Depuis 2023, l’extension .ai est très recherchée par les startups et les géants de la tech souhaitant valoriser leurs produits ou services liés à l’intelligence artificielle. Attribuée dès 1988 à Anguilla, territoire britannique situé entre Porto Rico et la Guadeloupe, l’extension .ai rapporte 140 $ par nom de domaine réservé, générant 30 millions de dollars en 2023. À titre de comparaison, le PIB de l’île était de 416 millions de dollars cette même année. Référencée comme un générique par Google, l’extension .ai s’adresse aux publics intéressés par les applications de l’intelligence artificielle.

→ En 2024, on compte 520 000 noms de domaine en .ai.

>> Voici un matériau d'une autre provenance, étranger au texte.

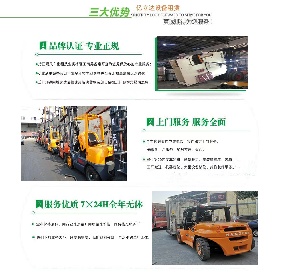 亿立达设备租赁有限公司是工商局准许的北京培黎职业学院专业叉车出租公司,公司本着诚信、服务、效率、创新的经营理念,用精湛的技术,真诚的服务,为众多客户提供优质的服务,同时获得信赖与支持。专业提供北京培黎职业学院3-20吨叉车出租、叉车租赁、设备搬运、集装箱掏箱装箱、机器移位定位、货物装卸、工厂搬迁、安全可靠,收费透明,价格便宜,随叫随到,24小时上门服务!本公司叉车吊车师傅对各种设备搬运装卸都有深刻探讨和研究。很多的疑难设备搬运,通过我公司的叉车师傅都能迎刃而解。对各种进口设备、国产机器、大型设备搬迁、高难度搬迁、各种精密仪器、医疗设备、科研设备等都能搬运; 提供全市 24 小时上门装卸搬运服务。同时提供厂房搬迁服务。 ...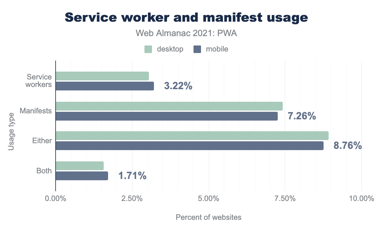 In this year’s PWA chapter, we’ll focus on all the measurable aspects of a PWA: usage of service workers and its related APIs, web app manifests, and the most popular libraries and tools to build PWAs. A PWA can use all or some of these functionalities. We’ll look at the level of adoption of each component and API to get an idea of the level of penetration of these technologies in the web ecosystem.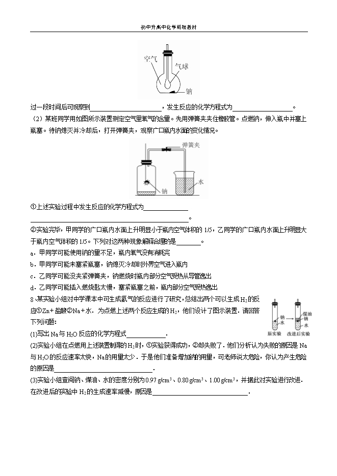 【内容简介】1、某学生将一小块钠投入滴有酚酞的水中,此实验能证明钠下面4点性质中的( )①钠的密度比水的小 ②钠的熔点较低 ③钠与水反应时放出热量 ④钠与水反应后溶液呈碱性A.①④B.①②④C.①③④ D.①②③④【答案】D【解析】钠浮在水面上可以说明①正确,钠熔成光亮的小球说明②③正确,反应后溶液变为红色,说明④正确。2、金属钠是一种活泼金属,除了具有金属的一般性质外,还具有自己的特性。下列关于钠的叙述中正确的是( )A.钠是银白色金属,熔点低,硬度大B.钠放置在空气中,会迅速被氧化而生成淡黄色的Na2OC.在氧气中加热时,金属钠剧烈燃烧,发出黄色火焰D.钠能和CuSO4溶液反应置换出Cu【答案】C【解析】A项,钠可用小刀切割,硬度小;B项,钠放置在空气中,会被缓慢氧化生成白色的Na2O;D项,钠先与水发生反应生成NaOH,NaOH可与CuSO4发生反应生成Cu(OH)2蓝色絮状沉淀,不会将Cu置换出来。3、下列灭火剂能用于扑灭钠着火的是( )A.干冰灭火剂B.黄砂C.干粉(含NaHCO3)灭火剂D.泡沫灭火剂【答案】B【解析】利用Na与水反应,Na2O2与CO2反应,Na2O2与水反应性质判断。4、等质量的两块钠,第一块在足量氧气中加热,第二块在足量氧气(常温)中充分反应,则下列说法正确的是( )A.第一块钠失去电子多B.两块钠失去电子一样多C.第二块钠的反应产物质量大D.两块钠的反应产物质量一样大......

.IO : l’Océan Indien à l’ère technologique

L’extension .io est devenue très prisée dans les domaines informatiques et électroniques. Elle fait référence au concept I/O (Input/Output) – la communication des systèmes informatiques – et offre des noms de site originaux tels que stud.io, rad.io, portfol.io. Elle séduit aussi les jeux mobiles (ex. snake.io) et l’Internet des objets (IoT).

Attribuée en 1997 au territoire britannique de l’Océan Indien, situé au sud des Maldives, l’extension .io comptait 1 059 000 noms en 2024, se classant au 43ᵉ rang mondial. Jusqu’ici, ce territoire ne percevait rien sur la commercialisation de cette extension par les registrars privés. Le Royaume-Uni a rétrocédé en 2024 ce territoire à l’Île Maurice, qui pourrait modifier les conditions d’accès au .io ou même le supprimer, laissant 4 à 5 ans aux titulaires de noms de domaine pour trouver une autre extension. Néanmoins, l’Île Maurice verra sans doute l’intérêt financier à la conserver. Peu connue en dehors des technophiles, l’extension .io séduit par la disponibilité de ses domaines et l’image d’innovation et de technologie avancée qu’elle renvoie. Elle est également référencée comme un générique par Google.

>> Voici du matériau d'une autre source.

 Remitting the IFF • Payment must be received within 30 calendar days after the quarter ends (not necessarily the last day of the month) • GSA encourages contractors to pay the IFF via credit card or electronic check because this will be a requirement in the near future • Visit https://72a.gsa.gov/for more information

.ME : le Monténégro assure en marketing

L’extension .me est idéale pour déposer des noms à caractère personnel, comme love.me. Lancée en 2008 par le Monténégro avec un marketing intensif, elle a connu un succès rapide et important. Les noms génériques premiums y sont vendus aux enchères : date.me s’est par exemple vendu pour 70 000 dollars.

→ En 2024, l’extension comptait 1 020 000 noms, la plaçant au 44ᵉ rang mondial.

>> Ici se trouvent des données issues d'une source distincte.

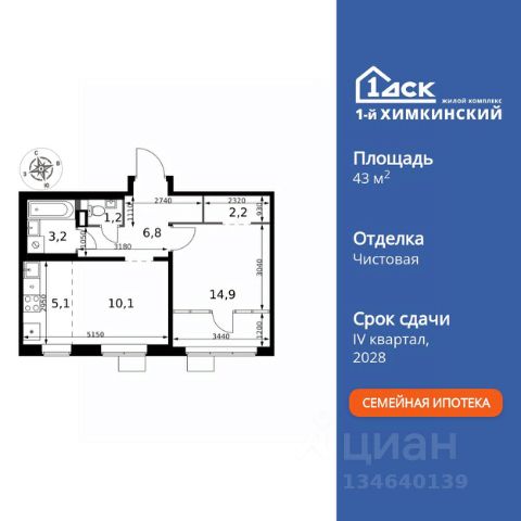 Прямая продажа от застройщика! Жилой Комплекс класса Комфорт. Продаётся 2-к квартира номер 419 общей площадью 49.3 кв.м. на 17-м этаже 17 этажного здания. Предчистовая отделка. Цена с учётом скидки. Особенности квартиры: - Организуем показ в удобное для вас время! - Линейная планировка - максимальная функциональность и удобство. - Раздельный санузел - больше удобства для всех членов семьи. - Увеличенная высота потолков - ощущение простора и легкости. - Просторная кухня - место для семейных ужинов и кулинарных экспериментов. - Гардеробная - удобство для хранения и организации вещей. - Тёплая лоджия - пространство для отдыха в любое время года. Квартира с предчистовой отделкой. Вам не придется заниматься черновыми и трудоёмкими работы, а чистовую отделку и дизайн - сделайте на свой вкус. Информация о комплексе: "1-й Химкинский": гармония современного города и природы на 102 га у Химкинского леса и канала им. Москвы. Развитая инфраструктура: ТЦ, школы, спорткомплекс с термами и СПА, парк развлечений. Идеальный баланс для жизни в окружении зелени и городского комфорта. Транспортная доступность: ЖК "1-й Химкинский" дает возможность выбрать любой способ передвижения как до города, так и до самых разных объектов, которые могут представлять интерес для его жителей. Не важно, какой способ передвижения вы предпочитаете, успевать всегда и везде можно вне зависимости от выбора транспорта. - 8 мин. пешком (800 м) до остановки "Золотая Арка" -10 мин пешком (1 км) до остановки "Поворот на Ивакино" Внутренняя инфраструктура: Безопасность: закрытые дворы без машин, безбарьерная среда, сквозные подъезды, камеры на детских площадках с трансляцией на смартфон. Отдых: семейный парк развлечений, двухэтажный ТЦ 8 000 м² с фудкортом. Образование: 4 детских сада, 2 муниципальные школы. Спорт: закольцованный веломаршрут, спорткомплекс с термами, тренажерный зал, воркаут зоны. Инфраструктура: поликлиника со станцией скорой помощи, пожарное депо. Паркинг: подземный паркинг, кладовые на -1 этаже, СТО и автомойка на территории. Квартира с предчистовой отделкой - ваш дизайн без черновых работ

.CO : la Colombie a tout COmpris

Avec 3 297 000 noms en 2024, l’extension .co se classe au 20ᵉ rang mondial. Elle joue sur plusieurs significations possibles : COmpany, COrporation, COmmerce, COmmunities ou COntent. Certains cybersquatteurs l’utilisent malheureusement pour leurrer les habitués du .com.

Rappelons que l’extension-star historique, le .com, concerne 157 600 000 noms en 2024 et reste la première extension au niveau mondial avec 43,5 % du total des noms de domaine.

Ces extensions, au-delà de leur rôle technique, racontent l’histoire des pays, des territoires et des aspirations numériques du monde. Une poésie inattendue, au cœur même des adresses web.